Now you can extend or refine the KPIs for each country, region or target group. But first and foremost, the youngest prospects, the active customers as well as the recently passive customers (who have not ordered for some time) need to be cleaned up and kept at a high level.
The company can make these KPIs available to users for monitoring in reporting, in a Business Intelligence (BI) application.
Data Quality – Outlook:
data are the new oil. You hear this sentence more and more often. But first, before the oil well can be tapped, a high quality can be achieved or AI analyses can be performed, the basis – the database – must be created. Many people talk about Big Data. Yes, the mass of data is increasing all the time. But Big Data is not the problem at the beginning.
The actuality of the most important data is the challenge!
First, when the company dedicates itself to the many possible external enrichments and a lot of own data (in the webshop, logfile of the website, social media …), then Big Data is called for. But even here, one should not look at the (data) mountain as a whole and try to climb it once.
The company should focus on the data that is likely to bring the highest added value. “A lot helps a lot”, has unfortunately always been and still is the worst advisor on the way to higher address quality.
Where the most important data is located is basically irrelevant. The fewer sources the better. We know from the Blissfully study (Blissfully study) that unfortunately there are far too many Cloud or Saas applications. The data is widely scattered or hidden in silos, hardly anyone has an overview.
Other in CRM, ERP, e-commerce or on a Data Management Platform (DMP) – on-premise or in the cloud. The main thing is to have easy access or to be able to simply restore the extracted and cleaned data. The data should be refined. The employees should be involved in the refinement through targets.

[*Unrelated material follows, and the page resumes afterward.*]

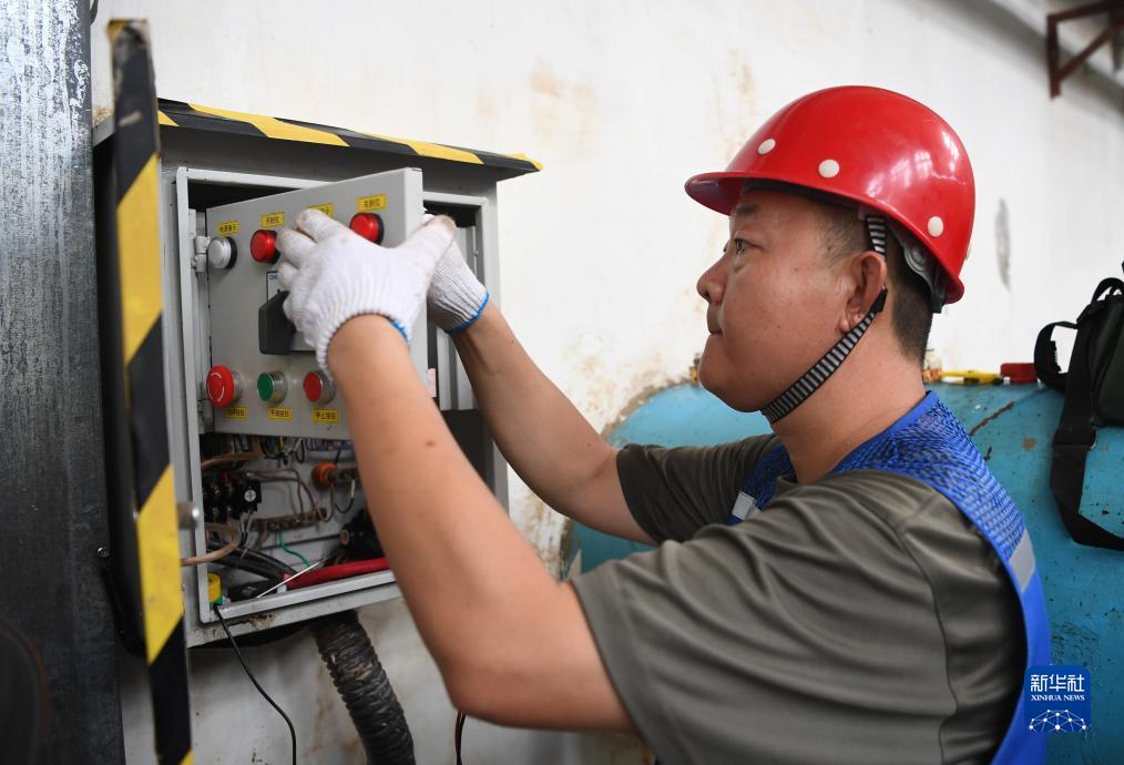 8月8日,工作人員在涿州市城區地表水廠設備間搶修受損設備。

The fashionable topic of digital transformation also only works if the data quality is sustainable and good (perfect quality). For the transformation you need reliability, should avoid bad data or bad data quality, continuously optimize the most important data.
These tasks often take 6-9 months, but they are worth it. After a short time, optimal data quality exists and a ROI for this investment is guaranteed and quickly achieved. We have proven this in each of the projects so far. And on the other hand, you save budget on mailings, reporting and decisions become better, you avoid costs and have significantly more chances of generating revenue.

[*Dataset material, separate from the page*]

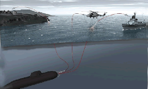 - Hệ thống thông tin liên lạc hai chiểu giữa trung tâm chỉ huy và tầu ngầm rất khó và phức tạp, đặc biệt ở chế độ phát ( tầu ngầm – đất liền). để có thể liên lạc tốt, thông thường tầu phải nổi lên ở độ sâu tiềm vọng. Khắc phục điểm yếu trên, các tầu ngầm hiện đại sử dụng loại ăn ten nổi và được kéo theo tầu, đồng thời phải phóng những mục tiêu phát tín hiệu radio giả để đánh lừa đối phương, diều hành hoạt động của mục tiêu giả mô phỏng hoạt động của tầu ngầm theo quỹ đạo, tốc độ và độ sâu.
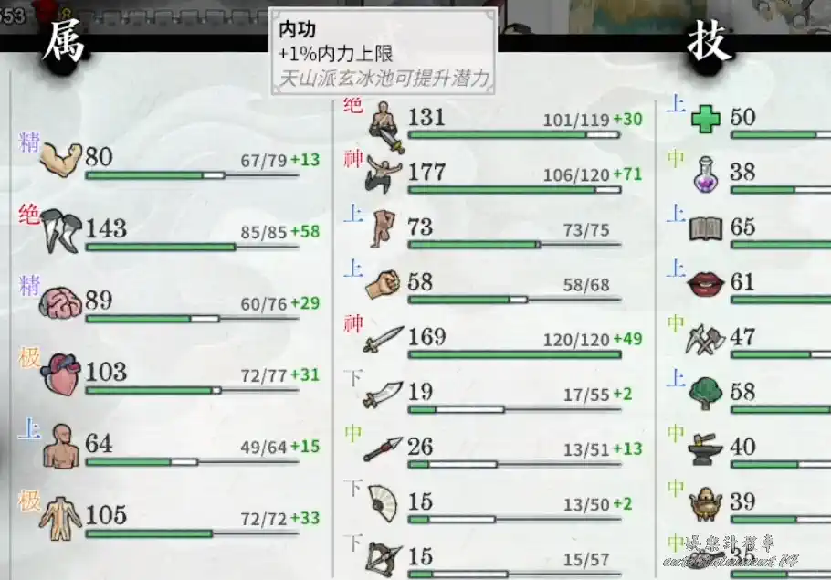 基礎屬性:內力上限、生命上限、護體真氣、內力恢復、防禦、抗性。

data and address quality is a critical success factor. Accuracy is a must. If only because of the DSGVO. Today this is already the case. And in the future more than ever. The DSGVO alone obliges every company to be absolutely up-to-date.
As already written, automation in marketing, sales and service or AI analysis and prognoses only work if the data is clean. And ultimately, management is responsible for assigning tasks, taking over operational tasks and controlling them.
Further information, further literature, who else writes about this exciting topic besides us:
Note: This is a machine translation. It is neither 100% complete nor 100% correct. We can therefore not guarantee the result.